A DRUG dealer from Huddersfield has become the final member of a massive smuggling ring to be jailed.

Tahier Chand has been locked up for five years after police made 36 arrests during Operation Oak.

The massive crackdown was into a £1.5m drug peddling ring and has seen 36 gang members jailed for a total of more than 167 years.

In a hearing at Preston Crown Court, Chand, 34, of Manchester Road, Huddersfield , was jailed for five years after pleading guilty to conspiracy to supply heroin.

He is the 36th person to be sentenced in connection with Operation Oak.

Details of the full investigation can only now be made public due to reporting restrictions which were lifted following a hearing at Preston Crown Court.

Members of the drugs gangs who worked together to peddle over £1.5m of heroin and cocaine across the border in Lancashire and other parts of the country, have been jailed for a total of 167 years and one month.

The sentencing took part as a result of Operation Oak, a covert Lancashire Constabulary Serious and Organised Crime Operation into the activities of criminal gangs operating in West Yorkshire, Blackburn and Preston, as well as other parts of Cumbria, Merseyside and as far away as Berkshire.

They were arrested in a series of early morning raids in August and September 2011 after a major police operation involving hundreds of police officers from across the northwest.

During the various investigations which followed, over £1.5m worth of drugs were seized by police, along with over £200,000 in cash.

Det Supt Lee Halstead, of Lancashire Constabulary’s Serious and Organised Crime Unit, said: “Operation Oak has dismantled a network of drugs gangs responsible for the supply of over £1.5m worth of cocaine and heroin across northern England.

“It has resulted in the recovery of huge sums of cash.

“As a result these people, who did not have a legitimate income, led comfortable and in some cases quite affluent lifestyles, acting as negative role models to young people.

“This was at the expense and misery of other residents in the community, whose lives were blighted by the effects of drug dealing and associated violence in their neighbourhoods.

“This has been a large-scale investigation and we have worked closely with officers from our neighbouring forces and the Crown Prosecution Service.”
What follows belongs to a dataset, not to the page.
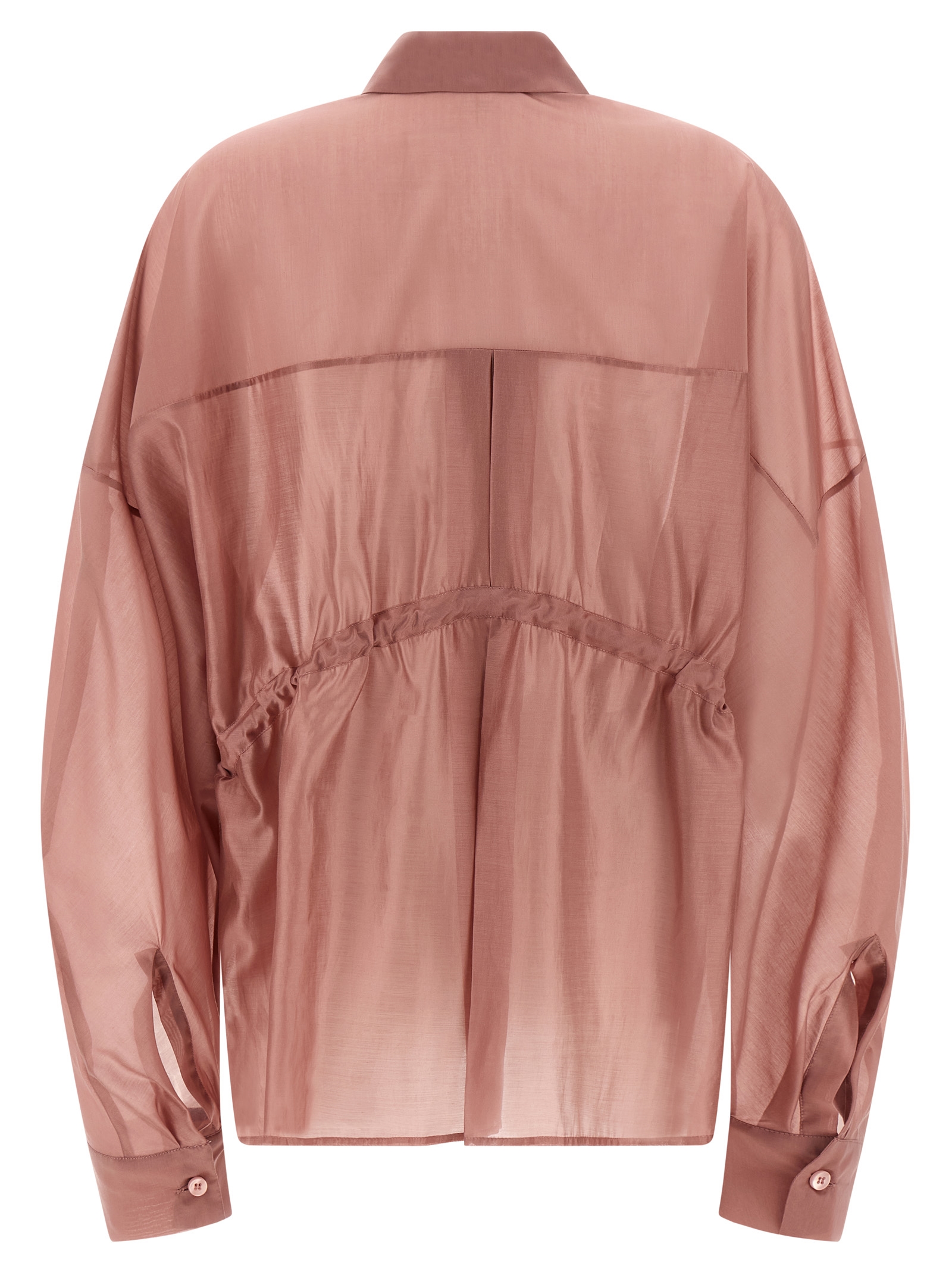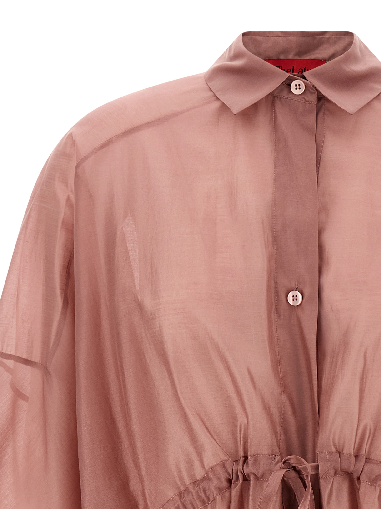 ‘dalida’ light muslin shirt with front mother-of-pearl button closure, Drawstring at the waist, Long wide sleeves with cuffs and dropped shoulders, Asymmetrical hem.

Det Supt Lee Halstead added: “Our planned Behind Bars campaign should now remind everyone that 167 years in prison is proof that crime certainly does not pay.”

Joanne Cunliffe, Crown Advocate from the CPS North West Complex Casework Unit added: “The fact that 36 individuals have been brought to justice for their involvement in the large scale supply of Class A drugs across the north of England is a testament to the close partnership between the CPS, Lancashire Police, Cumbria Police and other neighbouring forces.

“The message is clear: we will not tolerate the supply of drugs on our streets and we are wholly committed to prosecuting those responsible.”